These results indicate a pattern of genetic continuity by gene flow between the Mesoamerican and Costa Rican groups, interrupted by a stronger genomic divergence toward Panama, supporting the presence of both connectivity and isolation dynamics along the Central American isthmus. It is particularly interesting that the Osa Peninsula, located in the Pacific region of Costa Rica (CROS population; Figure 1), harbors A. aculeata individuals with a distinct genetic identity compared to other Costa Rican populations. The genotyped palms from this peninsula cluster more closely with the Panamanian genetic group rather than with the Costa Rican cluster, suggesting a demographic history linked with the Panamanian group. This pattern may reflect a founder effect, in which a few colonizing individuals from Panama established the Osa Peninsula population, carrying only a subset of the genetic diversity from the source population.

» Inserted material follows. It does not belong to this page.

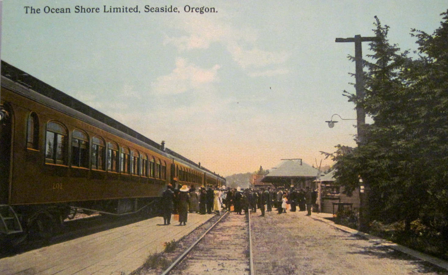 Postcard photo of the Ocean Shore Limited, which was a train of the Spokane, Portland and Seattle Railroad.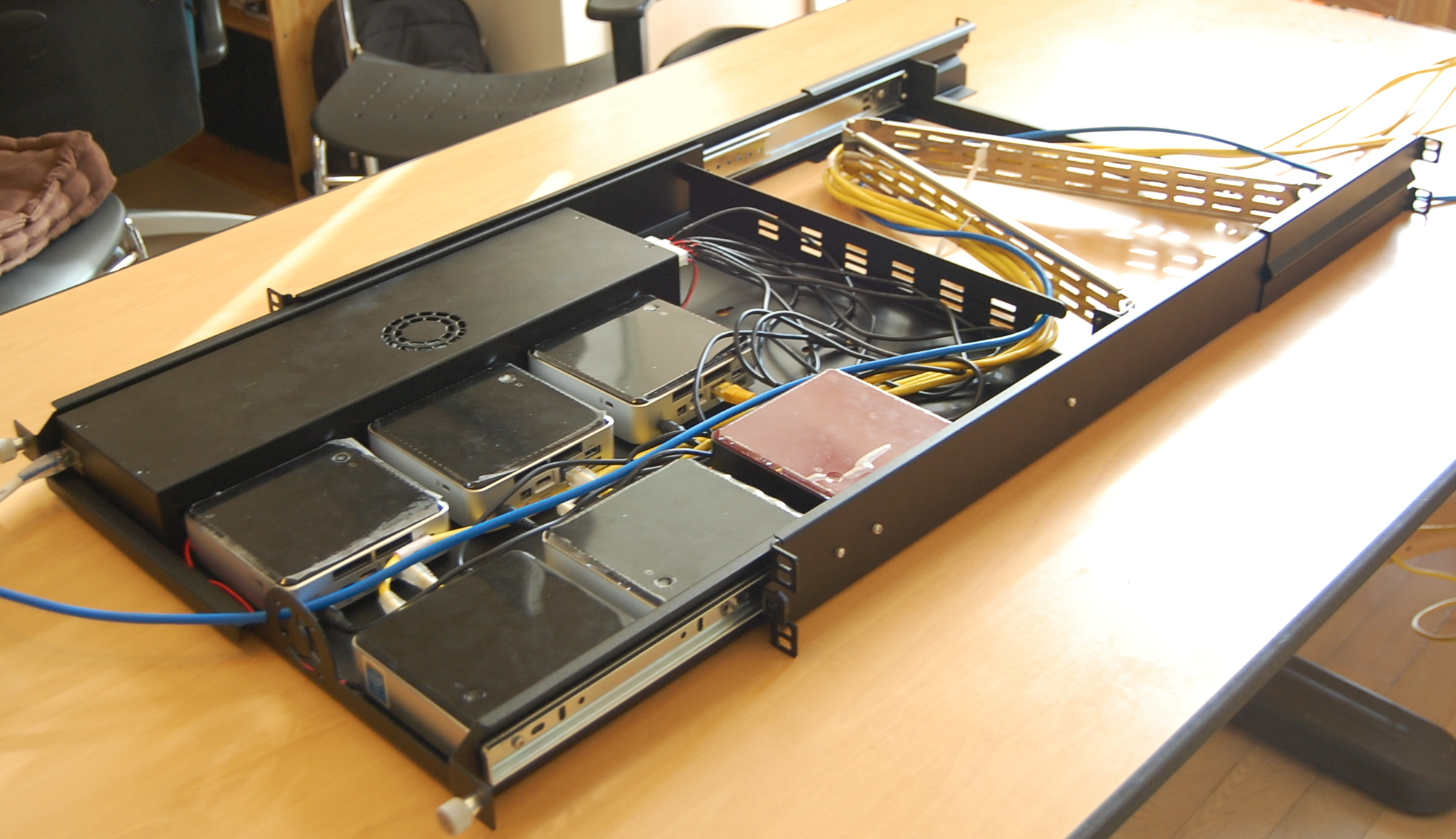 NUCserver universal solution 6

Pairwise F_S_T values also revealed clear genetic differentiation among A. aculeata populations across Central America, supporting the presence of three major genomic groups: Mesoamerican, Costa Rican, and Panamanian (Figure 2). The Mesoamerican cluster includes populations from Guatemala and Honduras, which show relatively low F_ST_ values among themselves (0.18–0.25), indicating higher genetic connectivity and shared ancestry. Populations from Costa Rica form an intermediate cluster, showing moderate F_ST_ values (0.20–0.30) with northern populations from Nicaragua, suggesting that Nicaragua, especially its northern region, acts as a genetic transition zone between the Mesoamerican and Costa Rican genomic groups. This pattern is consistent with the admixture signals detected in the DAPC analysis. In contrast, the Panamanian populations exhibit the highest F_ST_ values (>0.45) relative to both Costa Rican and Mesoamerican clusters, supporting the strong genetic differentiation between the three genomic groups and limited gene flow with northern populations.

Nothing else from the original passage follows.